Powered magnets provide fields strengths substantially greater than 23.5 Tesla and some designs do not require liquid helium cooling. In contrast to persistent mode magnets, powered magnets, such as resistive or hybrid magnets, require an external power source. Resistive magnets use a normal-metal coil. Hybrid magnets may use a combination of normal metals and superconductors. For example, powered magnets that surround an inner high-temperature superconductors (HTS) coil with an outer LTS coil are currently being developed. These LTS/HTS magnets have produced field strengths up to 24 T.

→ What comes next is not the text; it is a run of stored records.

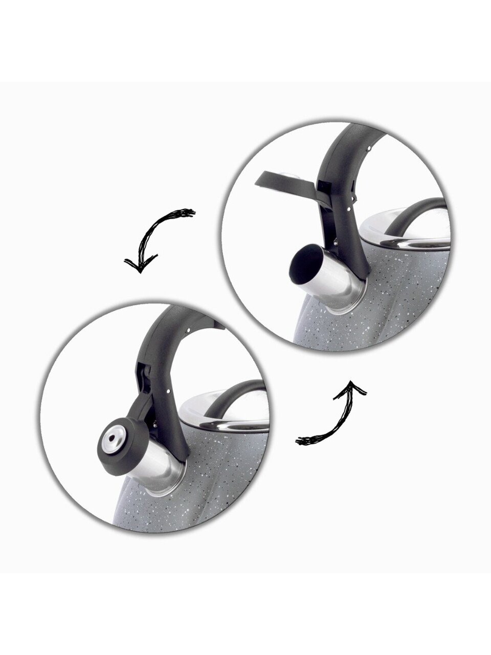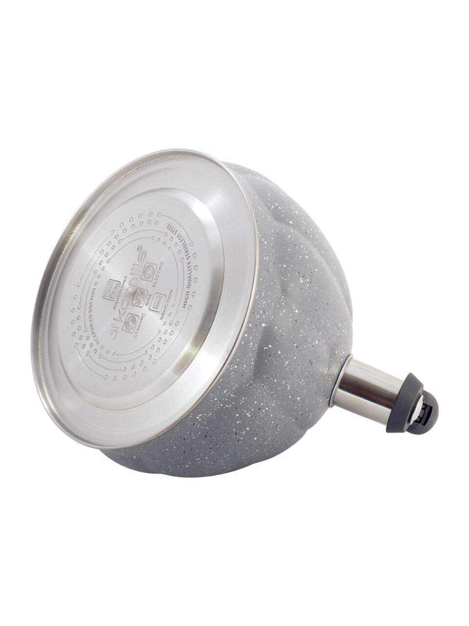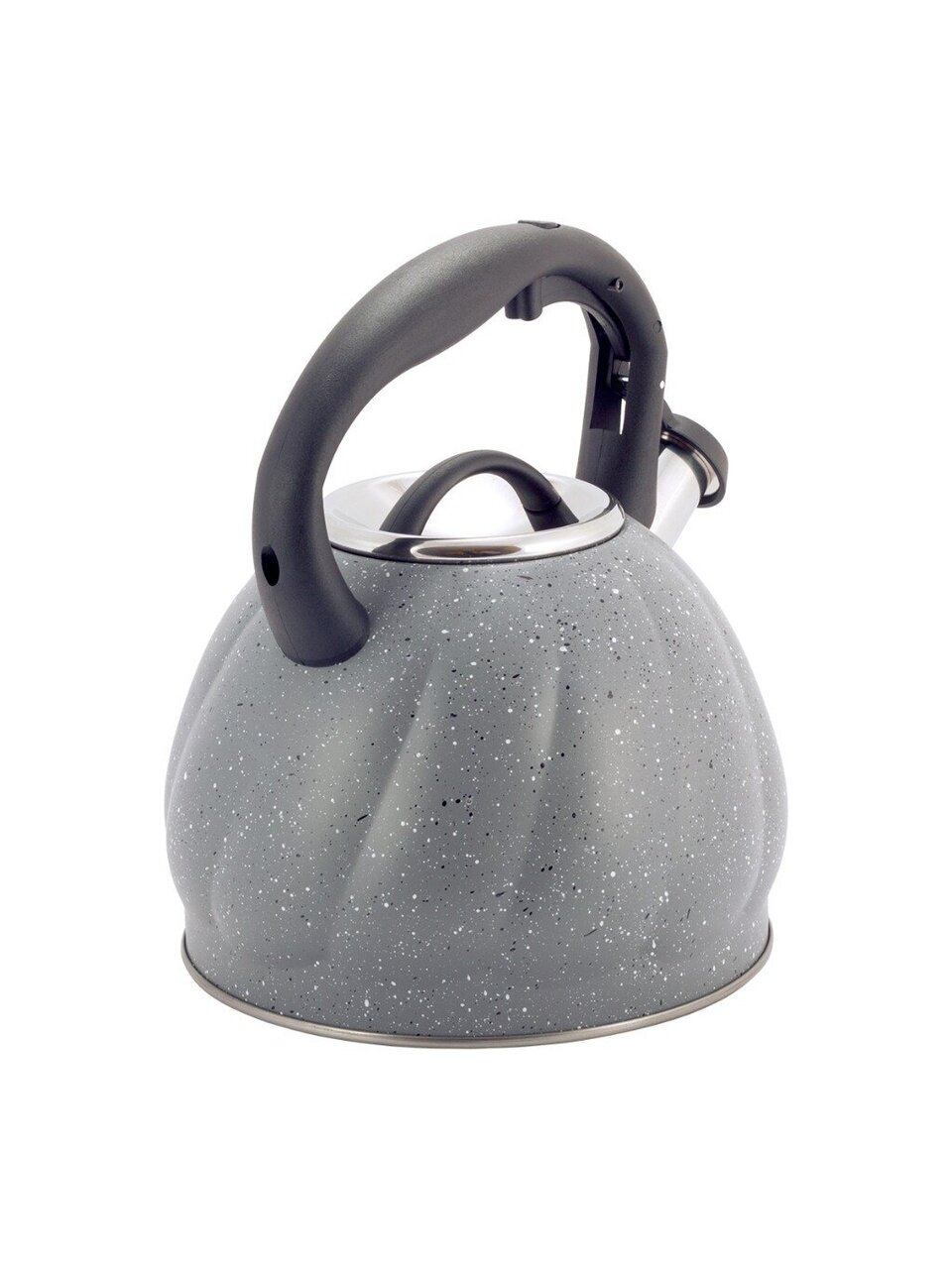 Чайник из нержавеющей стали Kamille 3 л со свистком: стильный серый мрамор, подходит для индукции, безопасная ручка — идеален для семьи и дачи.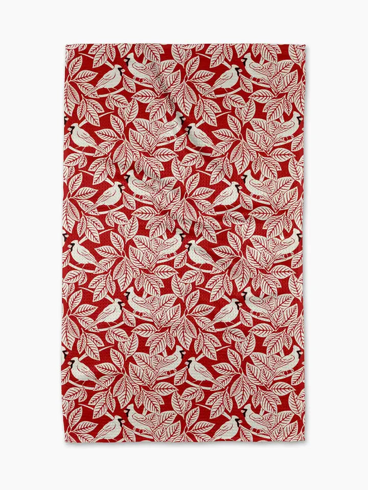 The Geometry - Cardinal Canopy Tea Towel combines style and sustainability with its tightly-woven Geoweave™ fabric, delivering exceptional absorbency, quick drying, and wrinkle resistance. Measuring 18" x 30" with a single-sided print, it’s crafted from post-consumer recycled materials, making every use eco-friendly. Perfect for drying dishes, cleaning spills, or adding a touch of seasonal charm to your kitchen, it works hard while caring for the planet. Enjoy peace of mind with our 100% Satisfaction Guarantee and hassle-free returns. Elevate your kitchen routines responsibly with this beloved, versatile tea towel.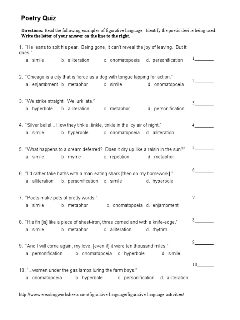 Figurative Language Quiz Worksheet Language Worksheets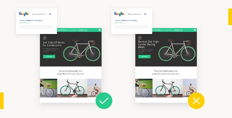 Most visitors will leave your site within a few seconds of arrival if you don’t reinforce their mission, so it’s crucial that the buyer’s journey flows smoothly from ad to page. By ensuring a strong message match, you’re letting them know that they’ve made a “good click” and helping them along.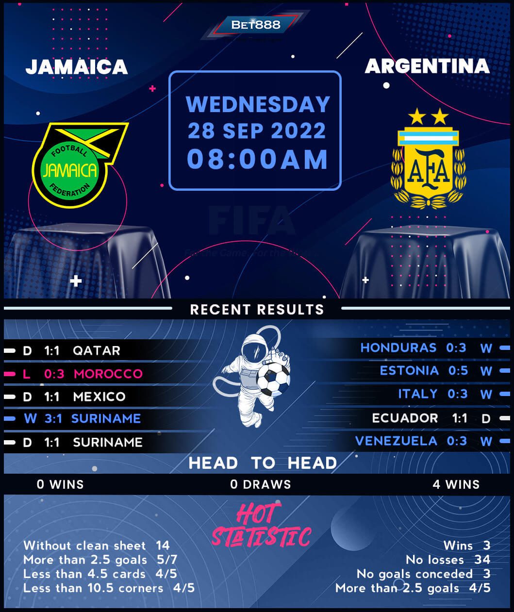 On the other hand, inspired by Lionel Messi’s double, high-flying Argentina brushed Honduras aside with an overwhelming 3-0 win last time out, extending their phenomenal unbeaten streak to 34 consecutive matches (W24, D10)! Three fixtures away from equalling Italy’s world-record 37-game run, Lionel Scaloni’s men conquered Copa America and Finalissima trophies during that sequence, bolstering their confidence ahead of the Qatar World Cup. Speaking of Argentina’s imperious run of form, they have racked up four wins from five internationals since the start of March (D1), all of which came by 3+ goals ‘to nil,’ summing up their purple patch in a nutshell. Nothing should change here as ‘La Albiceleste’ have won their three previous H2Hs against Jamaica by an aggregate score of 8-1.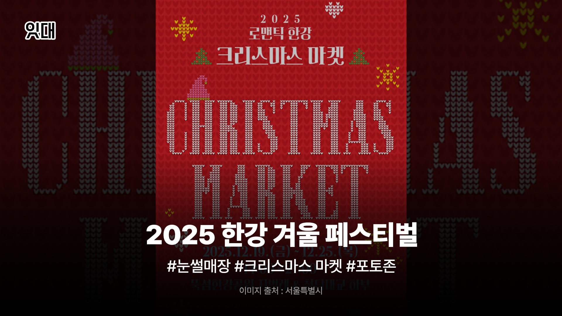 한강이 크리스마스 마켓과 눈썰매장으로 변신했습니다. 반포, 여의도, 뚝섬, 망원, 잠원 한강공원 5곳에서 동시에 열리는 겨울 축제예요.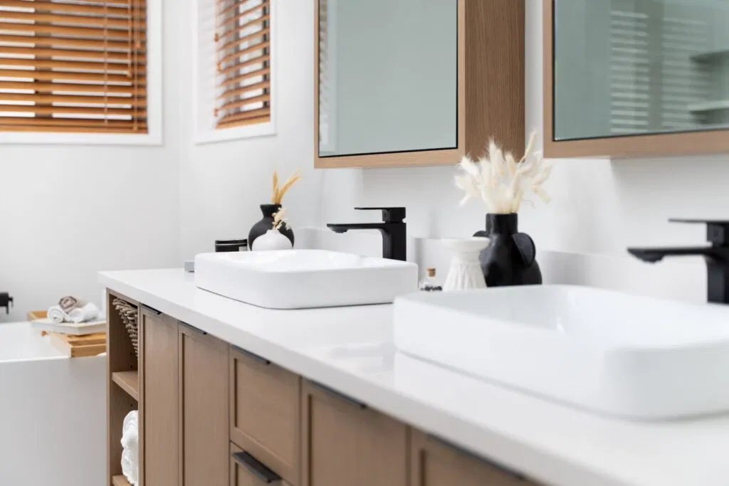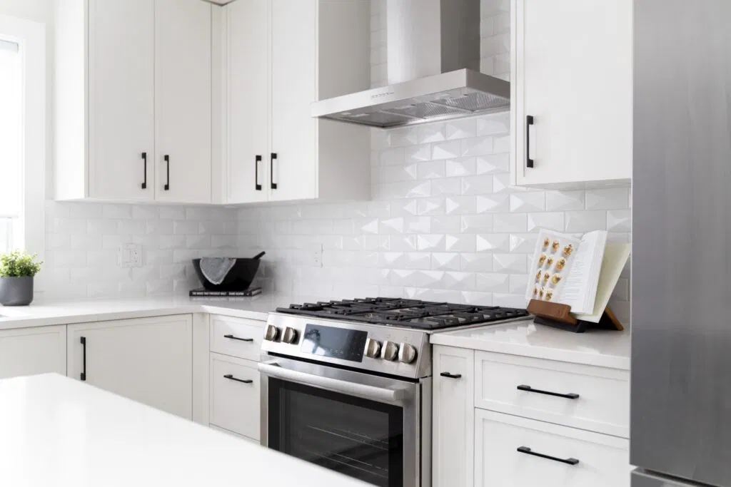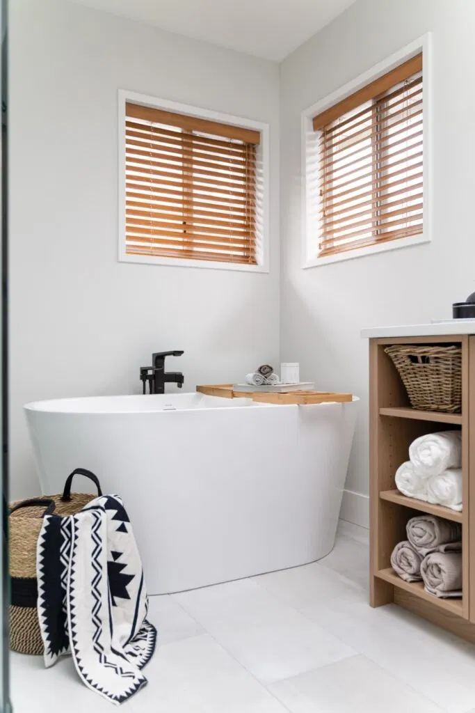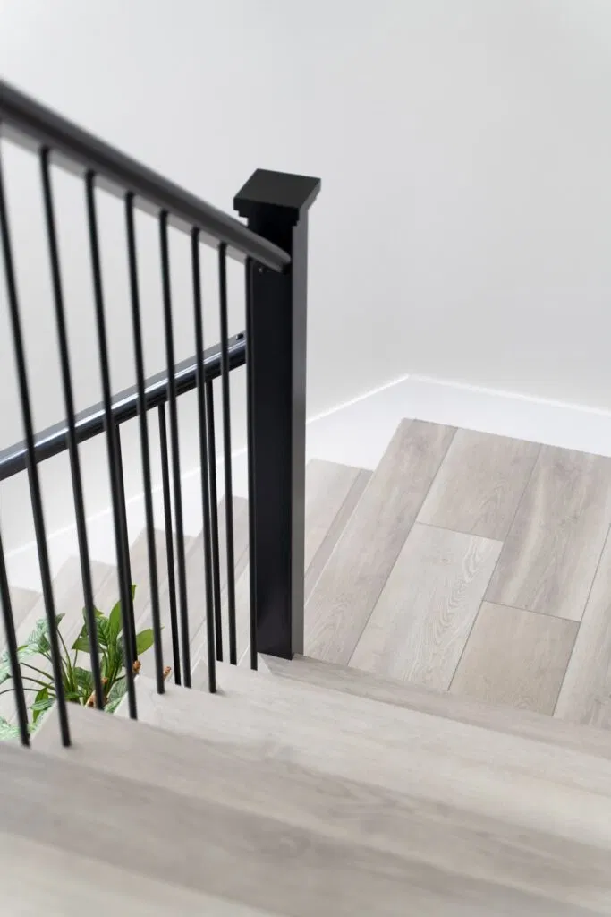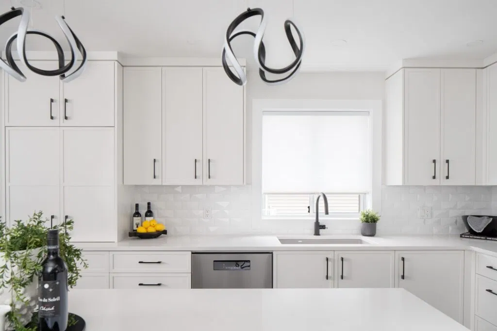 Multiple paint colours and flooring types made the original home feel choppy. A cohesive flow is achieved by installing luxury vinyl plank throughout the home (except bathrooms) and using a consistent colour scheme in a calming neutral palette. By removing a substantial living room fireplace wall, we create a spacious kitchen featuring a dining island and walk-in pantry. The kitchen - now a crisp white - features bright surfaces, modern fixtures, and a sophisticated dining environment. There’s plenty of room for entertaining and the homeowners are able to easily converse with guests in the adjoining family and living rooms.
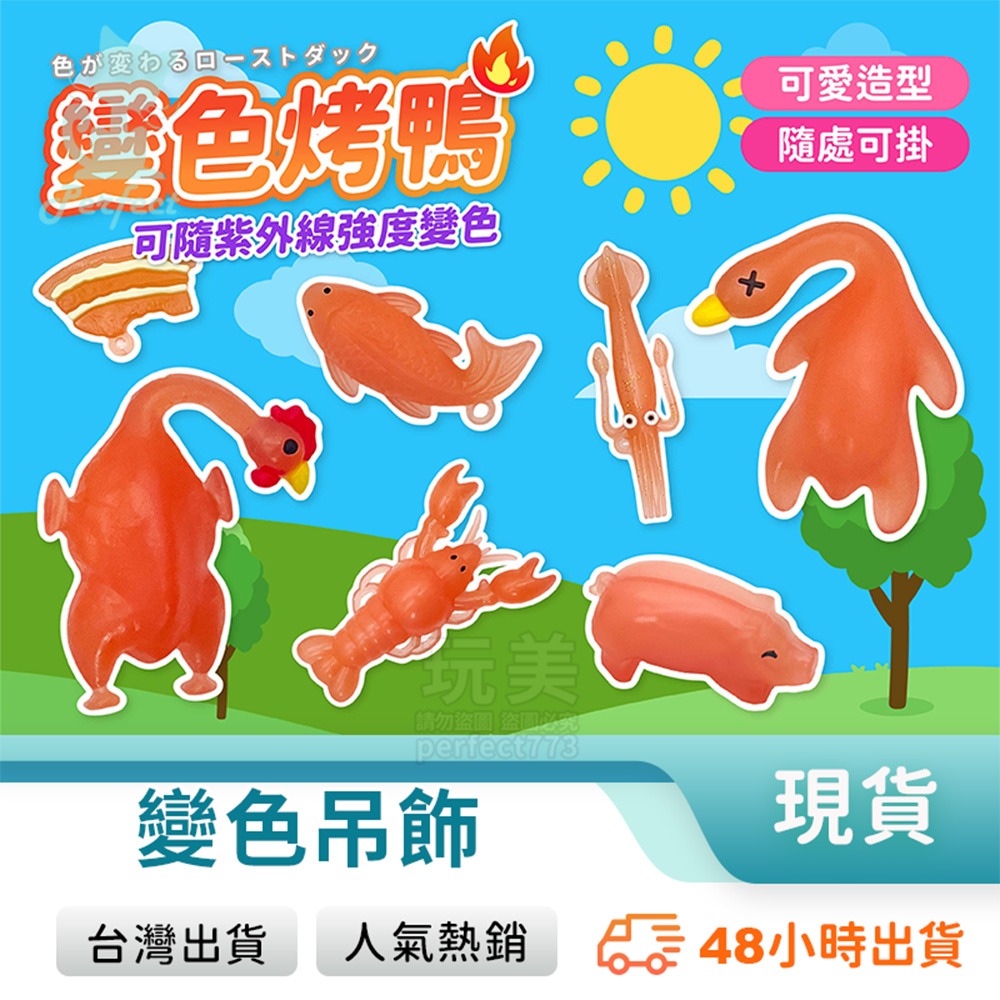 變色吊飾 紫外線鴨 車內裝飾 遇陽光變色 全系列 烤鴨 烤雞 烤龍蝦 烤豬 烤五花肉 烤魚 烤魷魚 玩美 771743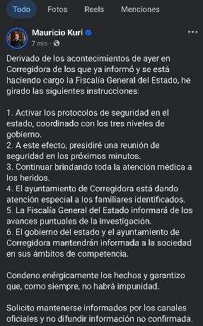 «Derivado de los acontecimientos de ayer en Corregidora de los que ya informó y se está haciendo cargo la Fiscalía General del Estado, he girado las siguientes instrucciones: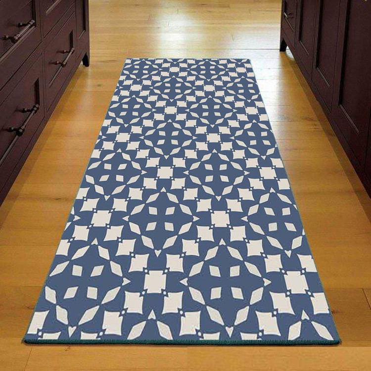 فرش راهرویی با طرح هندسی کاشیهای آبی - فرشینه و فرش چاپی کد R156

Another example of powered hybrid magnets combines normal and LTS coils to produce fields significantly greater than 24 T. One such magnet produces fields up to 45 T, i.e. almost twice what is available with current LTS/HTS magnets. The resistive and LTS coils in such a magnet are connected to separate power supplies to control the operating current of each coil individually.
The National High Magnetic Field Laboratory (NHMFL) is constructing a hybrid magnet designed to produce fields up to 36 T. While the NHMFL hybrid magnet will not have as high a field as the world record 45 T hybrid magnet, the NHMFL powered magnet is designed for higher spatial field homogeneity with less temporal field fluctuations. Unlike the 45 T hybrid magnet, the resistive and LTS coils of the NHMFL magnet will be operated using the same current and thus allows the resistive and LTS coils to be connected in series using the same power supply. The series mode operation will increase the inductance from tens of mH to hundreds of mH, intrinsically reducing temporal field fluctuations. Additionally, the single power supply reduces operating cost and the 40 mm bore is appropriate for NMR probes.
In spite of the advantages of powered magnets, there are still significant challenges for performing NMR spectroscopy and MR imaging using this technology. For example, the Series-Connected Hybrid (SCH) magnet will produce fields that are less spatially homogeneous and thereby broaden the linewidth and reduce the signal-to-noise ratio (SNR) of the MR signal. Sample spinning and field shimming improve spatial field homogeneity.
Furthermore, despite the increased inductance of the SCH magnet, this magnet will be subject to temporal field fluctuations from power supply ripple and variations in cooling water temperature and flow rate. Higher frequency fluctuations due to power supply ripple broaden the MR spectra linewidth. Also, lower frequency fluctuations due to cooling water variations distort the amplitude and phase of consecutive MR signals by causing the peaks of consecutive MR spectra to shift in frequency. Field fluctuations in uncompensated powered magnets are on the order of 10 ppm. It is appreciated that both the linewidth broadening and MR spectra peak shifts adversely affect MR studies. In particular, temporal fluctuations preclude most NMR spectroscopy and MR imaging studies relying on phase-coherent averaging of consecutive magnetic resonance signals, for example, two dimensional NMR. Therefore, in order to use the SCH magnet, or other powered magnets, for MR, field fluctuations must be significantly reduced in the 0-1 kHz frequency range to 0.01 ppm or less.
Given the above, an improved system and method for compensating or reducing temporal magnetic field fluctuations in powered magnets would be desirable.